| DATASET CONTENT |
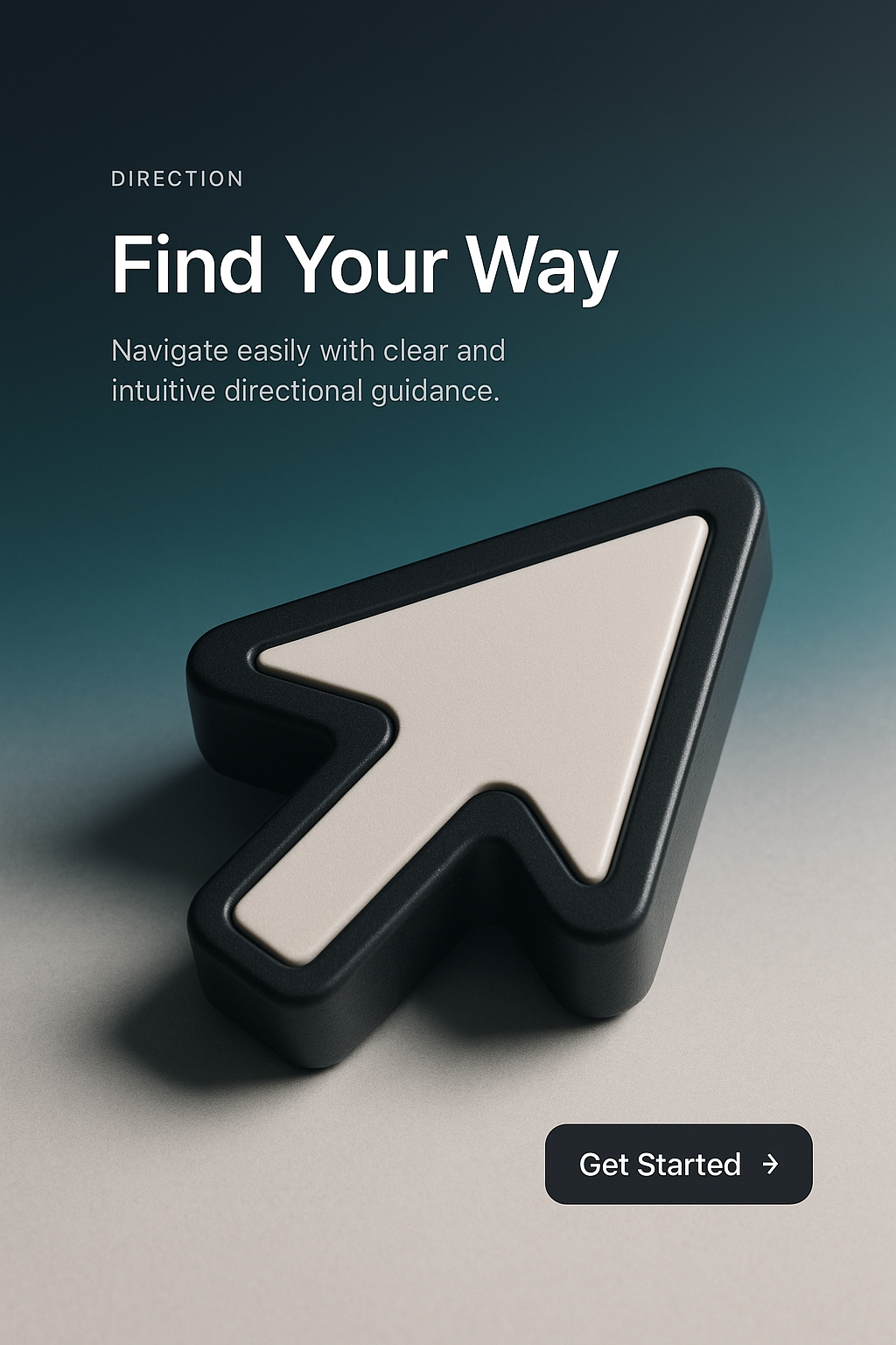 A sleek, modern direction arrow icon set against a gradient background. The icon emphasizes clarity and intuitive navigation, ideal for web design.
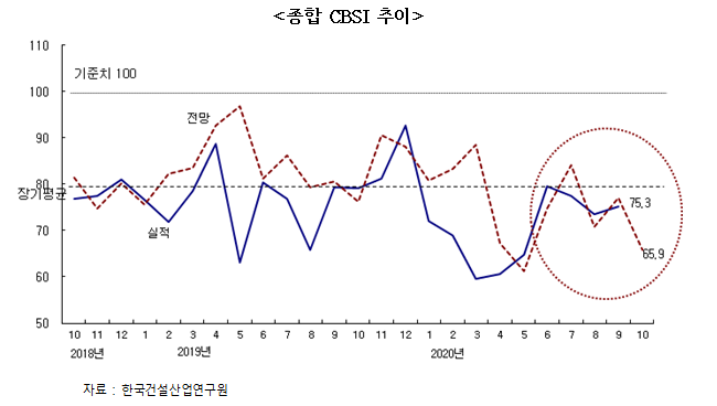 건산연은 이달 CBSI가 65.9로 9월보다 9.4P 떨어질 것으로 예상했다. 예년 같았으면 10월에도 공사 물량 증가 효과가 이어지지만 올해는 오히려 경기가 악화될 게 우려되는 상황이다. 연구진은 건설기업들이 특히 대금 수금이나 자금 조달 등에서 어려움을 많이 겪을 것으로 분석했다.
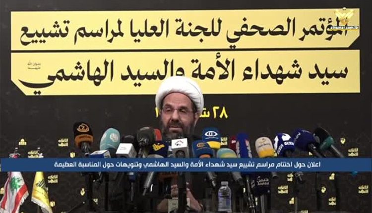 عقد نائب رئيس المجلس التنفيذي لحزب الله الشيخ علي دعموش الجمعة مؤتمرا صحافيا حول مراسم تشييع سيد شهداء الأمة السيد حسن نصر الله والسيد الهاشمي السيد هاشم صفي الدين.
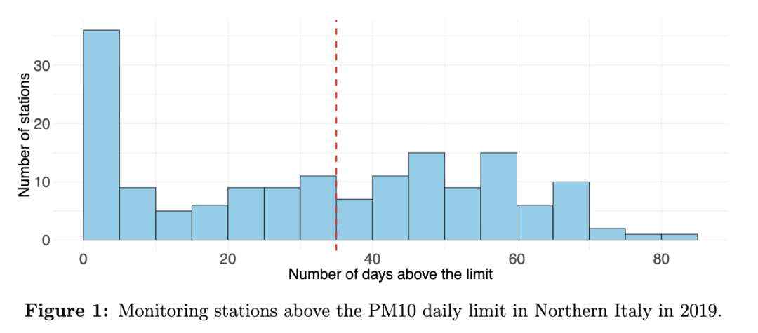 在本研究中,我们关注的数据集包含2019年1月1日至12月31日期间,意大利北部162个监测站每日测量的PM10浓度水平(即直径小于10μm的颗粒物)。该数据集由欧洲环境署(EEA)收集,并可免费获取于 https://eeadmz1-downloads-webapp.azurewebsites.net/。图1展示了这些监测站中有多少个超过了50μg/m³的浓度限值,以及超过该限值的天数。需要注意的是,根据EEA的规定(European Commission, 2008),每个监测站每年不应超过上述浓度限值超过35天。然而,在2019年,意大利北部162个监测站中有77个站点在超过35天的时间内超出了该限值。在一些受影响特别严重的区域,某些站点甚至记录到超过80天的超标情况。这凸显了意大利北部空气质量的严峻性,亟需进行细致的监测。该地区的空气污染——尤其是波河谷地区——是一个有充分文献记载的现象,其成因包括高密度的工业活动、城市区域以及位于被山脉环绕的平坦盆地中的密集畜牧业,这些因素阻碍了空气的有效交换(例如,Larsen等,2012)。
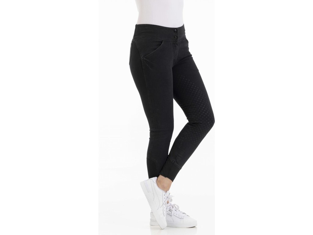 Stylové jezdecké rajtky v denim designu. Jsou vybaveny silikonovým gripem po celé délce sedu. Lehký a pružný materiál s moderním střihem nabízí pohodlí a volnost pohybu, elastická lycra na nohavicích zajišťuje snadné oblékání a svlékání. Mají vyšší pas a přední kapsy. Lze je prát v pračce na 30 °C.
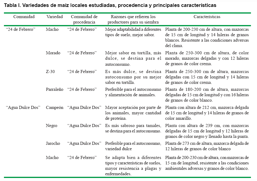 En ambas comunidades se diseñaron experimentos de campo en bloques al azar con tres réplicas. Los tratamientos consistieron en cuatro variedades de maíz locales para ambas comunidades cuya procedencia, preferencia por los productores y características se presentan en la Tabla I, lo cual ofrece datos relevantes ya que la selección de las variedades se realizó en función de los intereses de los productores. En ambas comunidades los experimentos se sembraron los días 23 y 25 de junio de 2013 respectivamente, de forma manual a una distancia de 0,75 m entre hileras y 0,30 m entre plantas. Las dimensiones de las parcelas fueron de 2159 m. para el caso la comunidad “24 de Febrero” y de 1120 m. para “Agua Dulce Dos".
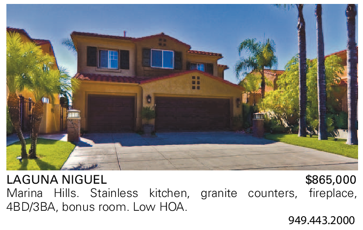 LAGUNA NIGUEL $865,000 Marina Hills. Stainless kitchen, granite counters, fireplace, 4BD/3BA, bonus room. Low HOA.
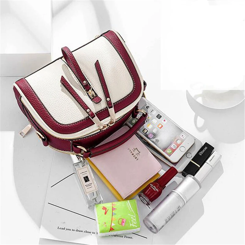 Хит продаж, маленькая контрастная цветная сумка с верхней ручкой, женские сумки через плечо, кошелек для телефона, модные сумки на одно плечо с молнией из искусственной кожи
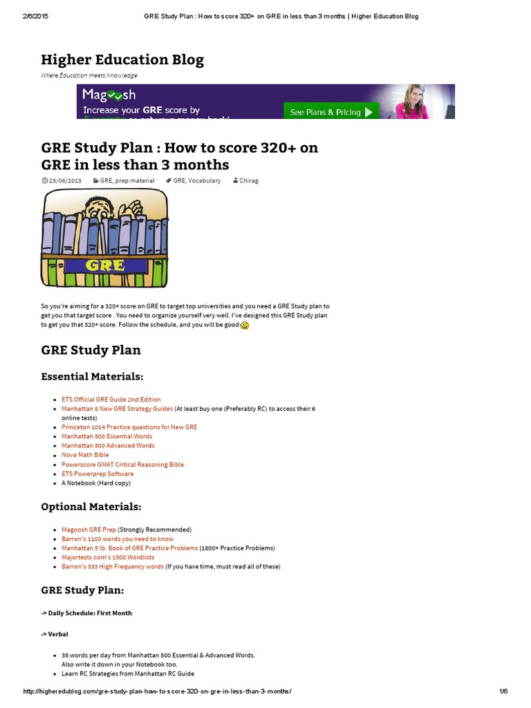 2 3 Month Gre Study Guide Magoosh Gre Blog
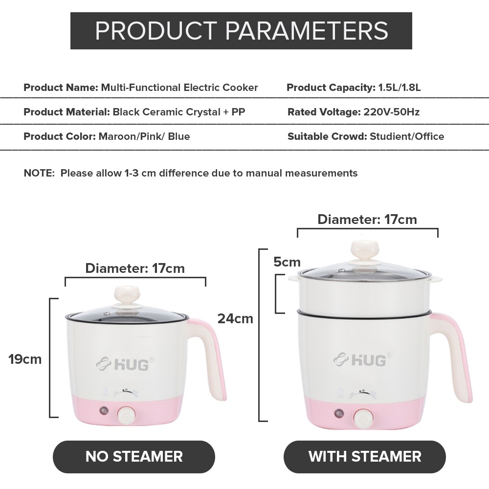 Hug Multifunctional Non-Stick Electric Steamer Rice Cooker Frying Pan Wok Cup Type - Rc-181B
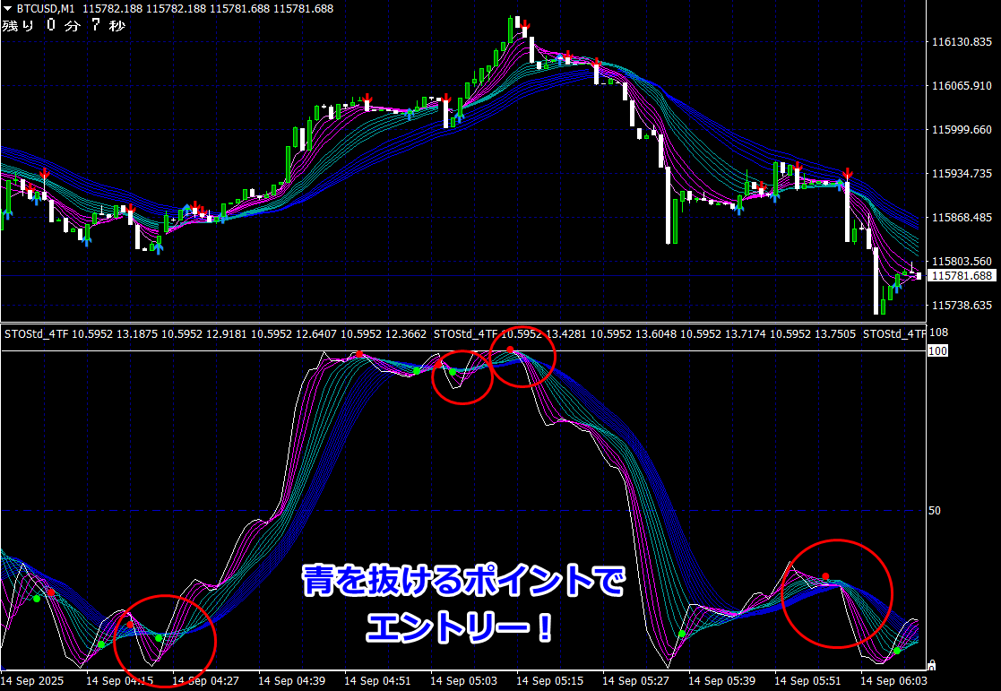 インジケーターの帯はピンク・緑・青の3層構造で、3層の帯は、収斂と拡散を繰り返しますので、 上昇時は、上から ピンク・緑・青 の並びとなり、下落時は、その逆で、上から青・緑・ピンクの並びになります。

| REQUIREMENT |
Every line of the records must come back unchanged, except that pictures are dropped.

| EXPECTED OUTPUT |
 A sleek, modern direction arrow icon set against a gradient background. The icon emphasizes clarity and intuitive navigation, ideal for web design.
 건산연은 이달 CBSI가 65.9로 9월보다 9.4P 떨어질 것으로 예상했다. 예년 같았으면 10월에도 공사 물량 증가 효과가 이어지지만 올해는 오히려 경기가 악화될 게 우려되는 상황이다. 연구진은 건설기업들이 특히 대금 수금이나 자금 조달 등에서 어려움을 많이 겪을 것으로 분석했다.
 عقد نائب رئيس المجلس التنفيذي لحزب الله الشيخ علي دعموش الجمعة مؤتمرا صحافيا حول مراسم تشييع سيد شهداء الأمة السيد حسن نصر الله والسيد الهاشمي السيد هاشم صفي الدين.
 在本研究中,我们关注的数据集包含2019年1月1日至12月31日期间,意大利北部162个监测站每日测量的PM10浓度水平(即直径小于10μm的颗粒物)。该数据集由欧洲环境署(EEA)收集,并可免费获取于 https://eeadmz1-downloads-webapp.azurewebsites.net/。图1展示了这些监测站中有多少个超过了50μg/m³的浓度限值,以及超过该限值的天数。需要注意的是,根据EEA的规定(European Commission, 2008),每个监测站每年不应超过上述浓度限值超过35天。然而,在2019年,意大利北部162个监测站中有77个站点在超过35天的时间内超出了该限值。在一些受影响特别严重的区域,某些站点甚至记录到超过80天的超标情况。这凸显了意大利北部空气质量的严峻性,亟需进行细致的监测。该地区的空气污染——尤其是波河谷地区——是一个有充分文献记载的现象,其成因包括高密度的工业活动、城市区域以及位于被山脉环绕的平坦盆地中的密集畜牧业,这些因素阻碍了空气的有效交换(例如,Larsen等,2012)。
 Stylové jezdecké rajtky v denim designu. Jsou vybaveny silikonovým gripem po celé délce sedu. Lehký a pružný materiál s moderním střihem nabízí pohodlí a volnost pohybu, elastická lycra na nohavicích zajišťuje snadné oblékání a svlékání. Mají vyšší pas a přední kapsy. Lze je prát v pračce na 30 °C.
 En ambas comunidades se diseñaron experimentos de campo en bloques al azar con tres réplicas. Los tratamientos consistieron en cuatro variedades de maíz locales para ambas comunidades cuya procedencia, preferencia por los productores y características se presentan en la Tabla I, lo cual ofrece datos relevantes ya que la selección de las variedades se realizó en función de los intereses de los productores. En ambas comunidades los experimentos se sembraron los días 23 y 25 de junio de 2013 respectivamente, de forma manual a una distancia de 0,75 m entre hileras y 0,30 m entre plantas. Las dimensiones de las parcelas fueron de 2159 m. para el caso la comunidad “24 de Febrero” y de 1120 m. para “Agua Dulce Dos".
 LAGUNA NIGUEL $865,000 Marina Hills. Stainless kitchen, granite counters, fireplace, 4BD/3BA, bonus room. Low HOA.
 Хит продаж, маленькая контрастная цветная сумка с верхней ручкой, женские сумки через плечо, кошелек для телефона, модные сумки на одно плечо с молнией из искусственной кожи
 2 3 Month Gre Study Guide Magoosh Gre Blog
 Hug Multifunctional Non-Stick Electric Steamer Rice Cooker Frying Pan Wok Cup Type - Rc-181B
 インジケーターの帯はピンク・緑・青の3層構造で、3層の帯は、収斂と拡散を繰り返しますので、 上昇時は、上から ピンク・緑・青 の並びとなり、下落時は、その逆で、上から青・緑・ピンクの並びになります。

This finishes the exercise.